#### Brief:
Your answer must be the lines from the one containing "365 days ago, a" through the last line below, copied exactly, with no pictures.

#### Data provided:

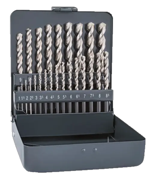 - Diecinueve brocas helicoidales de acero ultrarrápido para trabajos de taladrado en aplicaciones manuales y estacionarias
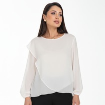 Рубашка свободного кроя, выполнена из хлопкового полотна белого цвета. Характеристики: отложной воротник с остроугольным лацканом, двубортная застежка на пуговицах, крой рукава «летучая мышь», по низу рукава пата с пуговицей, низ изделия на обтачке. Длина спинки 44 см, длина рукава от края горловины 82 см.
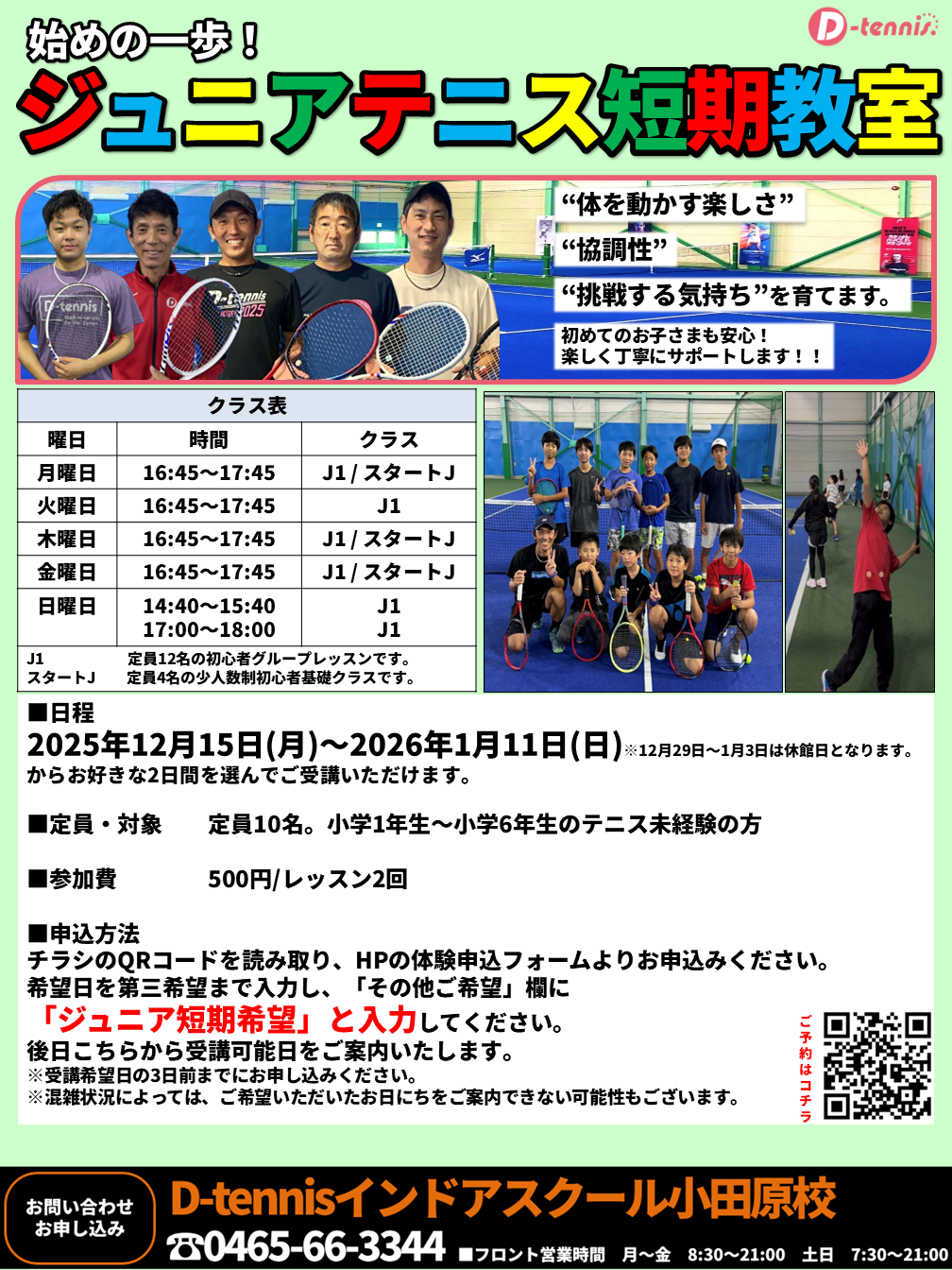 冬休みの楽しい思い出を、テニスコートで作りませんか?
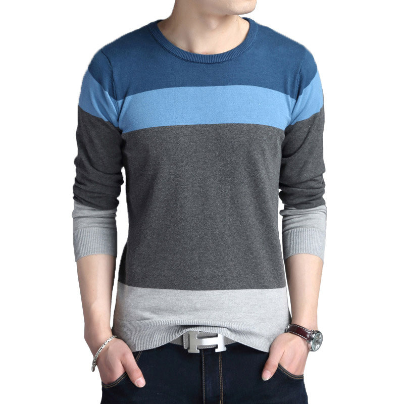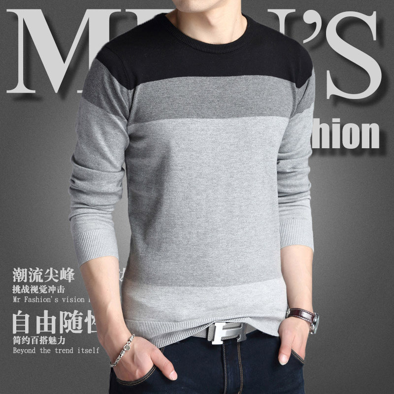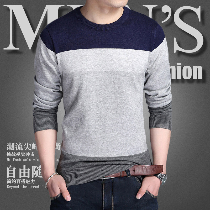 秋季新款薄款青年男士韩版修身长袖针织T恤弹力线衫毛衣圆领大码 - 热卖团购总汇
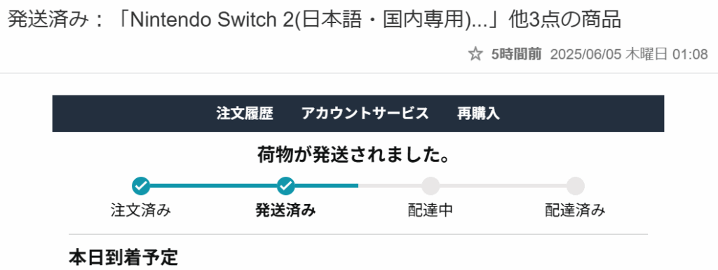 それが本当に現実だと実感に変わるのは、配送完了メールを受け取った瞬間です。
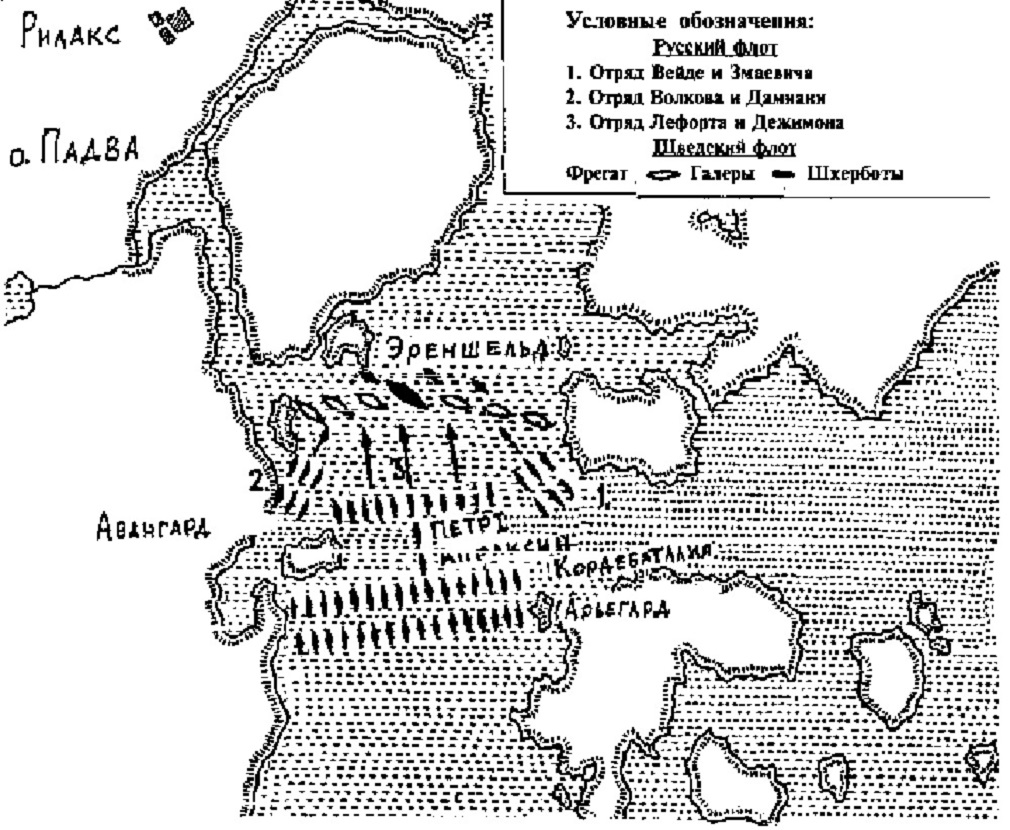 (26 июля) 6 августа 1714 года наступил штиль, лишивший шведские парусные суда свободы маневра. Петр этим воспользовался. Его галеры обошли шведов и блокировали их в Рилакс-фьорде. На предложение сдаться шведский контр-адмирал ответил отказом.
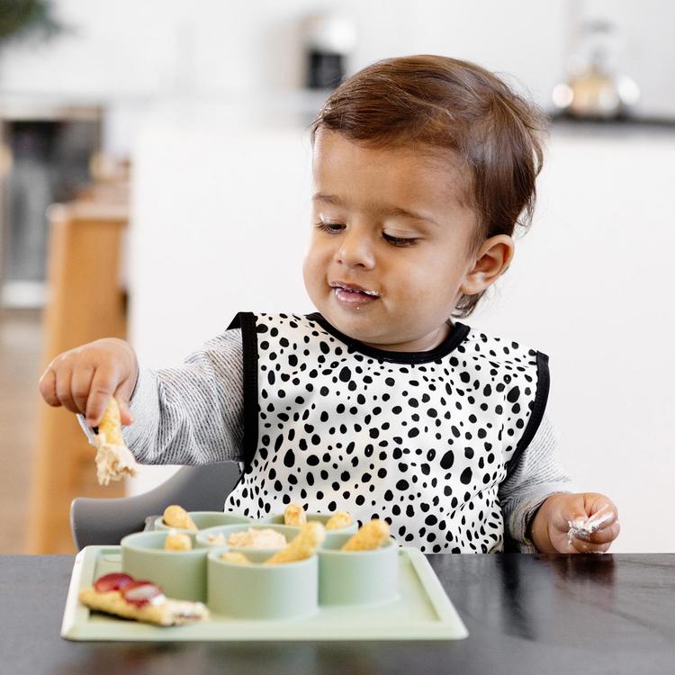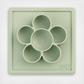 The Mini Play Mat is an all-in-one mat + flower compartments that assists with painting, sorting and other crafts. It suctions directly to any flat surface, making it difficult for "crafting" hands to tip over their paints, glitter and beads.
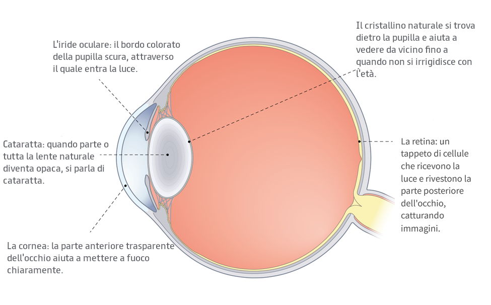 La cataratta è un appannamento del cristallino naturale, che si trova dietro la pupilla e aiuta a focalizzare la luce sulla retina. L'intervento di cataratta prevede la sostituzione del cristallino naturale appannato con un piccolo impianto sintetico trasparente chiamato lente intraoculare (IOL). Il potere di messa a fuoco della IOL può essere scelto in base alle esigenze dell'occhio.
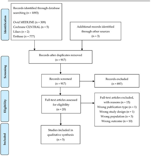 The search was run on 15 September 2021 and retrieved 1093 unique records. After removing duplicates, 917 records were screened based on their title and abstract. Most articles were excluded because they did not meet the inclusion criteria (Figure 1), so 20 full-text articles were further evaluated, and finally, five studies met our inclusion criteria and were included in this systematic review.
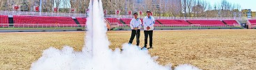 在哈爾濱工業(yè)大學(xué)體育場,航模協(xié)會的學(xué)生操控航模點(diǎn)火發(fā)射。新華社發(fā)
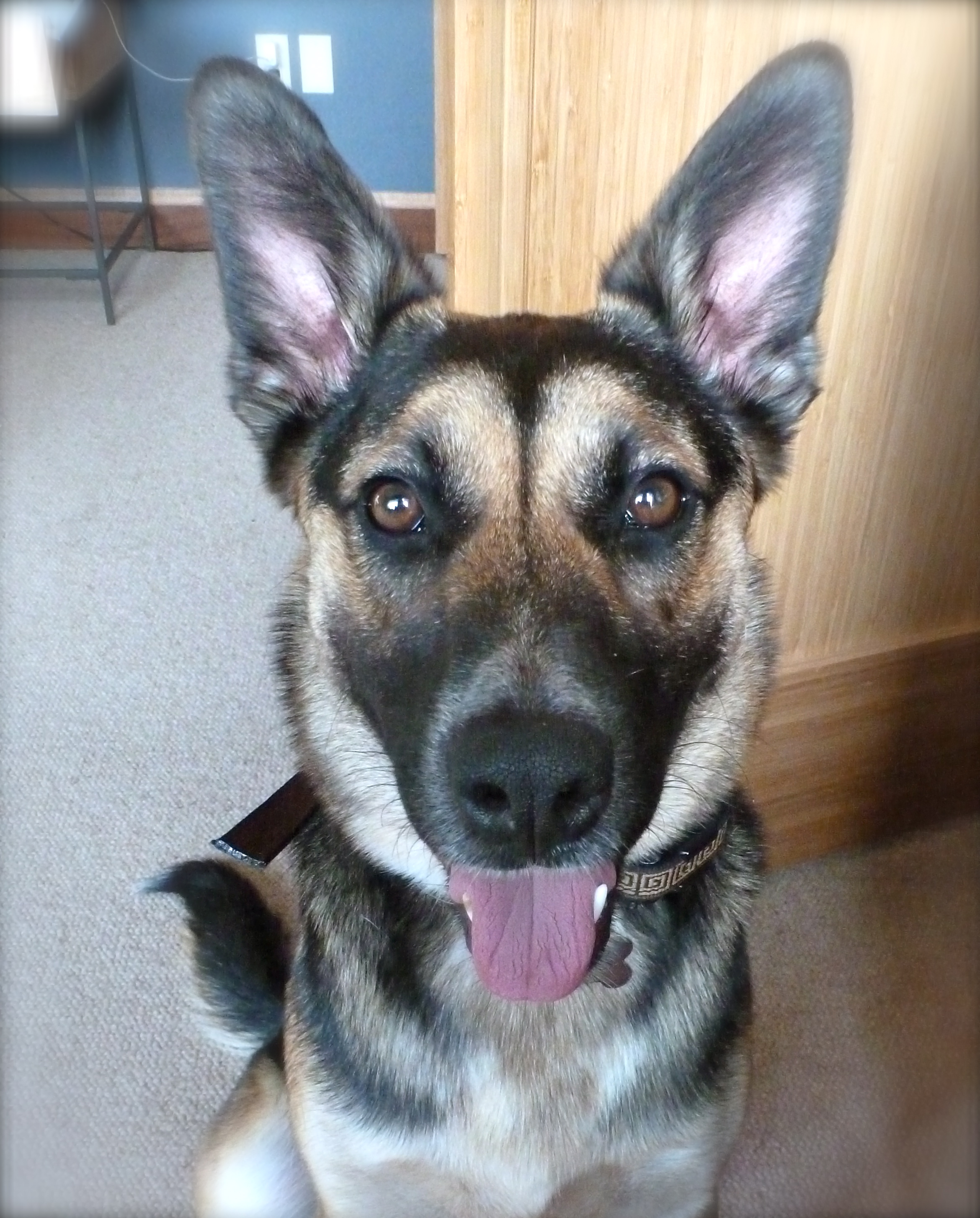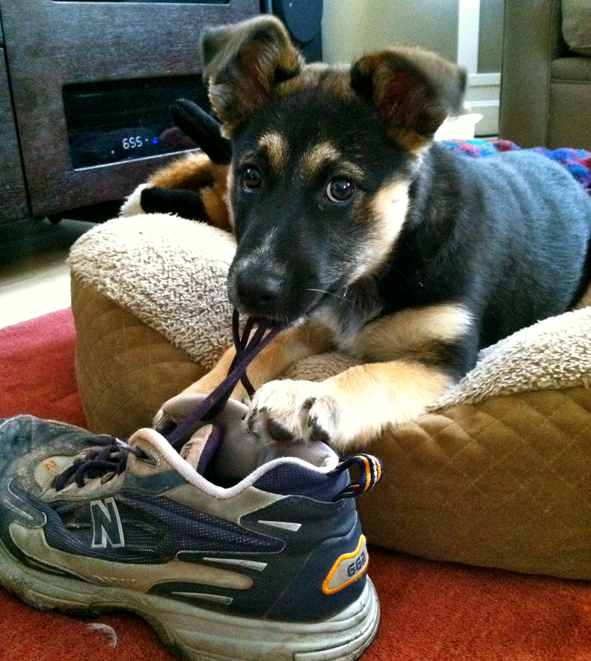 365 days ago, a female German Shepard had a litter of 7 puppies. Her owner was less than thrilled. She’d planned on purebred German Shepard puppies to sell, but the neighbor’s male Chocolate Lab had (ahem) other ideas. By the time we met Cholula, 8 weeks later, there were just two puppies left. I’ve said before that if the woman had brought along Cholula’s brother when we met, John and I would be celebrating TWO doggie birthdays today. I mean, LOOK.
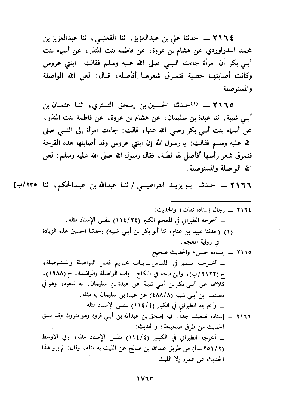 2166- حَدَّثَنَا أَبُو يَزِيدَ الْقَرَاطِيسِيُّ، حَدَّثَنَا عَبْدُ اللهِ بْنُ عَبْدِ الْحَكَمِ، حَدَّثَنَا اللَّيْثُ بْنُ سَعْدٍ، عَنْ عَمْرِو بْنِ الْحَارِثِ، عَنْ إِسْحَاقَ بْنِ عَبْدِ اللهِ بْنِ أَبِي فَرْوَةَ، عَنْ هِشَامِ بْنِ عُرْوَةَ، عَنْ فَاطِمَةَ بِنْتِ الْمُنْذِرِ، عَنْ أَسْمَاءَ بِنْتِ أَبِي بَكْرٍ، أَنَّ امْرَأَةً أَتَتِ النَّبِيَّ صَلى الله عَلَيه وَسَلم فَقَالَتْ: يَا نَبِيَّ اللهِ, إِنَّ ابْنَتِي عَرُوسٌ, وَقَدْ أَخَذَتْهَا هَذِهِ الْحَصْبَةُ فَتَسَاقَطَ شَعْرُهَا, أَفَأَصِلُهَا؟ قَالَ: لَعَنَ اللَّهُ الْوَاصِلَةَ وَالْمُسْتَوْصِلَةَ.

#### Solved exercise:
 365 days ago, a female German Shepard had a litter of 7 puppies. Her owner was less than thrilled. She’d planned on purebred German Shepard puppies to sell, but the neighbor’s male Chocolate Lab had (ahem) other ideas. By the time we met Cholula, 8 weeks later, there were just two puppies left. I’ve said before that if the woman had brought along Cholula’s brother when we met, John and I would be celebrating TWO doggie birthdays today. I mean, LOOK.
 2166- حَدَّثَنَا أَبُو يَزِيدَ الْقَرَاطِيسِيُّ، حَدَّثَنَا عَبْدُ اللهِ بْنُ عَبْدِ الْحَكَمِ، حَدَّثَنَا اللَّيْثُ بْنُ سَعْدٍ، عَنْ عَمْرِو بْنِ الْحَارِثِ، عَنْ إِسْحَاقَ بْنِ عَبْدِ اللهِ بْنِ أَبِي فَرْوَةَ، عَنْ هِشَامِ بْنِ عُرْوَةَ، عَنْ فَاطِمَةَ بِنْتِ الْمُنْذِرِ، عَنْ أَسْمَاءَ بِنْتِ أَبِي بَكْرٍ، أَنَّ امْرَأَةً أَتَتِ النَّبِيَّ صَلى الله عَلَيه وَسَلم فَقَالَتْ: يَا نَبِيَّ اللهِ, إِنَّ ابْنَتِي عَرُوسٌ, وَقَدْ أَخَذَتْهَا هَذِهِ الْحَصْبَةُ فَتَسَاقَطَ شَعْرُهَا, أَفَأَصِلُهَا؟ قَالَ: لَعَنَ اللَّهُ الْوَاصِلَةَ وَالْمُسْتَوْصِلَةَ.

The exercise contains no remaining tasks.